Metal envelopes are increasingly becoming more common. They prolong tube life
because they eliminate the problem of tungsten vaporization.
The envelope must be sealed tight to maintain a high vacuum. At the point where the
primary x-ray beam exits the envelope a window segment is constructed.
The removal of the air permits electrons to flow from cathode to anode without
encountering the gas atoms of air.
The housing controls leakage and scatter radiation, isolates the high voltages and
provides a means to cool the tube.
When x-ray photons are produced at the anode, they are emitted isotropically. The
primary beam consists of photons emitted through the window.
The protective housing is composed of cast steel and is capable of absorbing most of the
unwanted photons.
Any photons that escape from the housing except at the port are leakage radiation.
Leakage radiation must not exceed 100mR/hr at 1 meter. The housing also serves to
cushion the x-ray tube from rough handling by operators.
The oil insulates the high voltage components from the tube housing, which is handled by
the radiographer, and absorbs much of the heat that is produced by x-ray production.
Under no circumstances should anyone be in contact with a tube housing during exposure.
Off-focus, or extrafocal radiation is composed of photons that were not produced at the
focal spot and may contribute as much as 25 – 30% of the total primary beam.
Tube rating charts are the most valuable because they provide a guide regarding the
maximum technical factor combinations that can be used without overloading the tube.
Any combination of factors at or under the curve is safe.
Each filament of each tube has a unique radiographic tube-rating chart.
Anode cooling charts permit the calculation of the time necessary for the anode to cool
enough for additional exposures to be made.
A heat unit is calculated as kVp x mA x rectification constant.
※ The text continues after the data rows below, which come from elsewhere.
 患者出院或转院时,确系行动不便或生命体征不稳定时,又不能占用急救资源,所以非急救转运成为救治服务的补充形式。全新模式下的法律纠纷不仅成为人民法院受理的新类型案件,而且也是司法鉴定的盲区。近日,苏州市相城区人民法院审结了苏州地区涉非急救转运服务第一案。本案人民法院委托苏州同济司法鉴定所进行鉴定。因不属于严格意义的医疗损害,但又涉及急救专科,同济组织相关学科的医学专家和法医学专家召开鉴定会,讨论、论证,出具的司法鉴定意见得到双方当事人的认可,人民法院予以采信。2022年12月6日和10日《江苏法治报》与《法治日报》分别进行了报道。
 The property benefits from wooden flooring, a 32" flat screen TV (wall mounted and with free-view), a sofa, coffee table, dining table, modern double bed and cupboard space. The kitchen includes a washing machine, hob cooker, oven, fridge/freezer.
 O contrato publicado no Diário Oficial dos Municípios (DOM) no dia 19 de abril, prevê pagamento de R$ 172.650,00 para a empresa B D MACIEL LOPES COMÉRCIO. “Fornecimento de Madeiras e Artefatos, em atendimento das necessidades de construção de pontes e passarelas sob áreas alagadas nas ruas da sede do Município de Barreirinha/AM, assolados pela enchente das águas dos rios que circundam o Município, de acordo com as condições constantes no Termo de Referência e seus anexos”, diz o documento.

To find the length of time for the anode to cool can be calculated by:
 Find the total heat units applied on the vertical scale.
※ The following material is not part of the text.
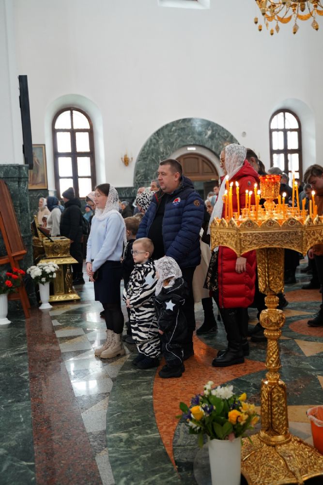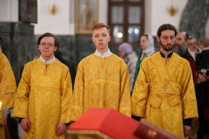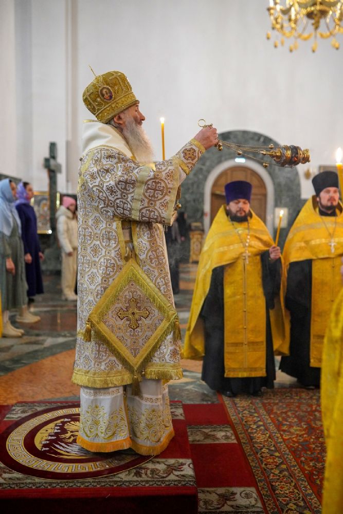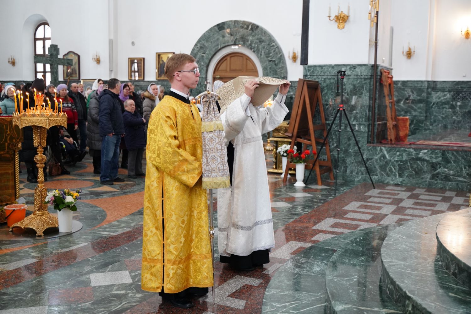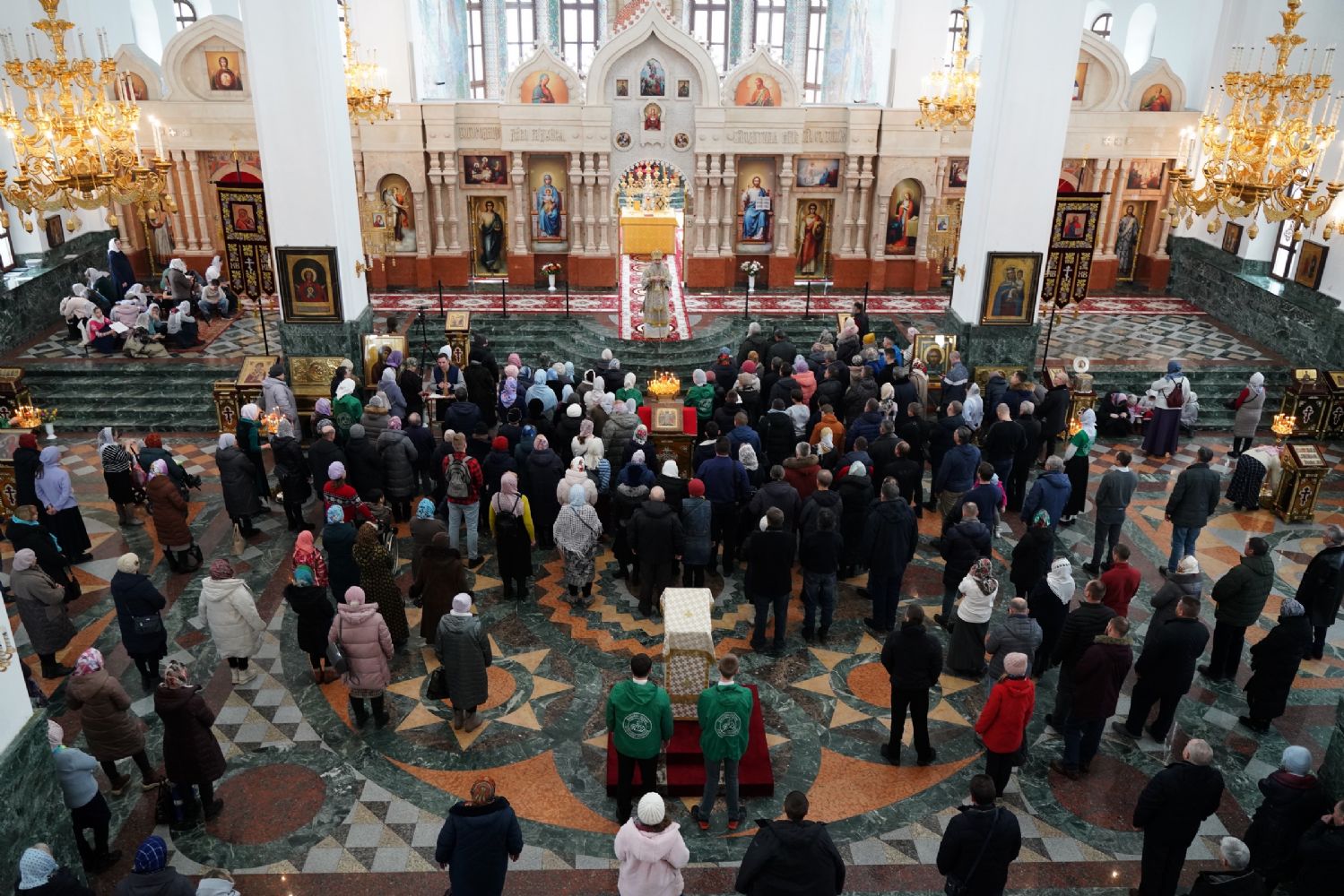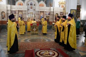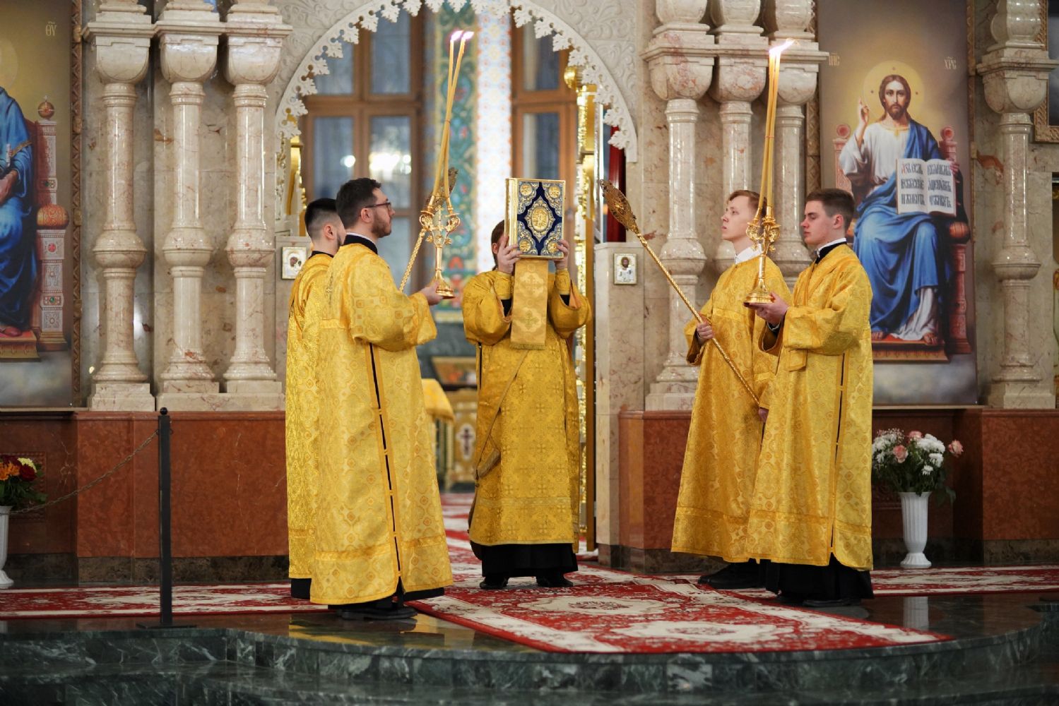 Архипастырю сослужили ключарь собора протоиерей Сергий Поглазов, клирики собора и протодиакон Михаил Козловский. Песнопения исполняли старший и младший составы детско-юношеского хора «Благовест» под управлением регентов Татьяны Черновой, Софии Андреевой и Надежды Поздеевой.

 Read from the heat units over to the cooling curve and then down to read the
corresponding time.
 Calculate the time necessary for the anode to cool to any desired level and
subtract the corresponding time of the initial exposure.
The anode will usually reach its limits ling before the housing.
Warming up the anode according to the manufacturers recommendations prevents
thermal shock (cracking of the anode).
Holding the rotor switch unnecessarily should be avoided. The rotor switch increases the
filaments thermionic emission to exposure levels. Thermionic emission removes the
electrons from the filament; deposits vaporized electrons in tube surfaces and decrease
the vacuum.
The rotor causes stress to the rotor bearings, double press switches should be completely
depressed in one motion and dual switched should have the exposure switch depressed
first, followed by the rotor switch.
Lower mA stations should be used when possible because high mA increases filament
thermionic emission.
The lower speed rotor should be used when possible because the high-speed rotor
increases rotor-bearing wear.
Rotating the tube housing rapidly from one position to another should be avoided because
the gyroscopic effect may crack or otherwise damage the rotor.
A wobbling anode disk can cause tube failure.